Closed sbe-arg closed 1 month ago

sbe-arg commented 7 months ago

When nextcloud version 28.0.3 version is release and a immutable tag is created, images are built from that tag. When a vulnerability or feature is found/fixed and bumped to version 28.0.4 a new version is release but what I see is that docker images with the latest semantic version in dockerhub are continuously updated which defeats the purpose of semantic versioning for docker images.

The only continuously updated docker tags should be latest and non-semantic versioned tags.

We should be able to trust version pinning otherwise the compose and charts will have to be pinned to shas of the builds. This is a security risk IMO.

This is seen specifically in truenas scale and docker compose if we do docker compose pull without changing the docker version.

see: image image

https://github.com/truenas/charts/issues/2286 https://hub.docker.com/_/nextcloud/tags?page=&page_size=&ordering=&name=28.0.4

last edit: the title might sound like I'm angry or something, but in reality I have no visibility of how the images are created, where are the docker tag and docker push instructions?
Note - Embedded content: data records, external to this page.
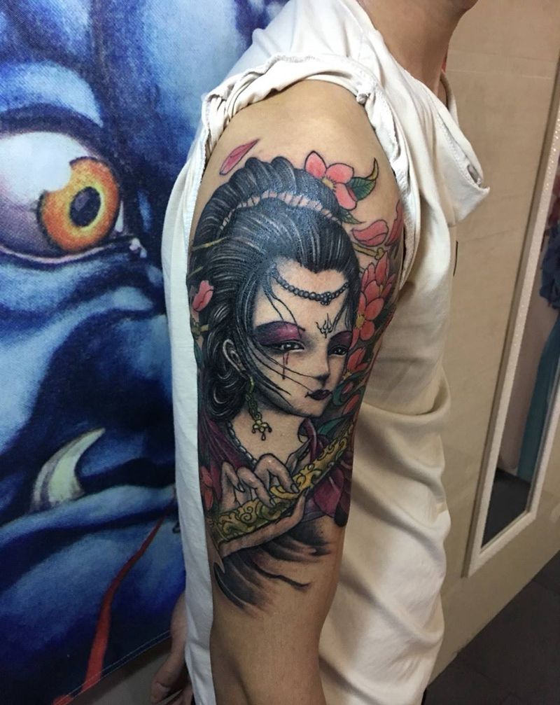 当前位置: 首页 >广东省广州市纹身店-龙马刺青纹身图案>手臂艺妓纹身图片_成品手部手臂传统人物纹身图案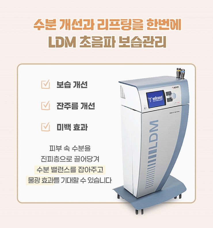 흐르더라도 통증 부담이 적고 피부 손상을 줄일 수 있다는 점이 특징입니다. LDM 초음파 장비는 피부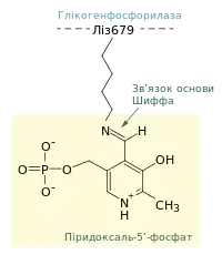 По-друге для протікання реакції фосфоролізу необхідна присутність кофактора піридоксаль-5'-фосфату (ПЛФ) (похідного вітаміну B6), приєднаного до Ліз679 через формування основи Шиффа. Структурний аналіз показав, що ортофосфат займає положення між 5'-фосфатною групою ПЛФ та глікогеном. 5'-фосфатна група ПЛФ може відігравати роль загального кислотно-основного каталізатора, спочатку донуючи протон, а потім перетворюючись у його акцептор[5].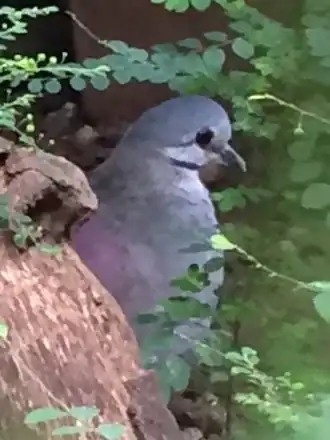 Достигает 20—31,5 см в длину. Голова, шея, горло и грудь взрослой особи светло-голубовато-серые, бока светло-коричневые. У голубя широкая черная скуловая полоса. Спина и крылья оливково-коричневые с небольшим переливом. Молодые особи более тёмные по всему телу, с желтовато-коричневыми полосами на груди и коричневыми краями перьев верхней части тела[3].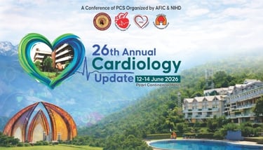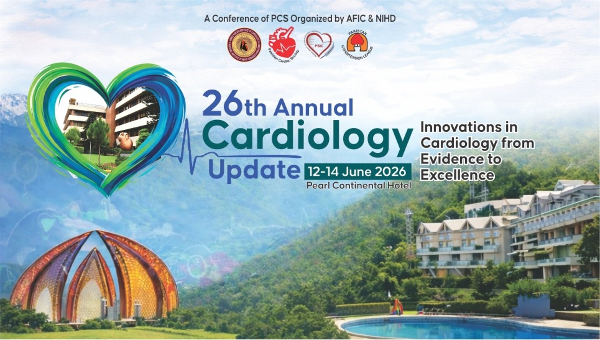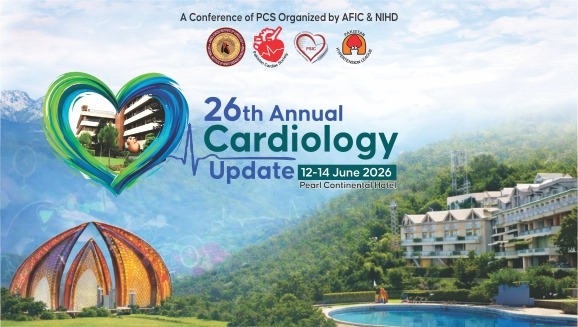IWe are pleased to invite you to participate in the 26th Annual Cardiology Update, scheduled 12th to 14th June 2026, in Pearl Continental Hotel, Bhurban. The conference is being organized by AFIC & NIHD, Rawalpindi on behalf of Pakistan Cardiac Society. The theme of the conference is “Innovations in Cardiology from Evidence to Excellence”.

intersectRaven commented 7 months ago

I think it's because the Nextcloud software remains the same. It's the other layers that may have changed. For example, the apache image uses php:8.2-apache-bookworm as it's base layer. If you look at it, that image was updated a few hours ago (at time of writing this). So the nextcloud image may have some trigger so it will update when the base changes.

sbe-arg commented 7 months ago

This should not happen for stability and security purposes.

One should be able to trust a tag. And not having a semantic tag being update continuously irrelevant of layers.

Only latest should be updated IMO

intersectRaven commented 7 months ago

I agree with your point with regards to stability BUT disagree from a security standpoint. An example would be a scenario where there is a vulnerability in PHP below 8.2.9. The Nextcloud image should be updated to fix it if it uses a version that is susceptible. As to whether it is automatically done so or done manually is the thing to be submitted to debate.

sbe-arg commented 7 months ago

For people in that context they should drive on latest and not on a semantic tag

sbe-arg commented 7 months ago

Or add and addition of a extension to the tag

Such as 28.0.4-patch1, 28.0.4-patch2 etc

But updating existing tags is not good practice in general only adding new semantic tags.

sbe-arg commented 7 months ago

@intersectRaven Also to explain the problem in truenas for example in more detail when you see this sha mismatch between the image you have already pulled when the chart got updated last time and the one in the registry. You get this weird update available warning, when you hit update the app as normal user would. nothing really happens. the reason is the bad combination with the chart pull strategy of ifnotpresent here https://github.com/truenas/charts/blob/master/charts/nextcloud/1.6.59/ix_values.yaml#L2 and the image being present with an existing tag. nothing is pulled so you get a false release. The only way to update the containers is manually updating the image in truenas and then killing the pods. All manual work.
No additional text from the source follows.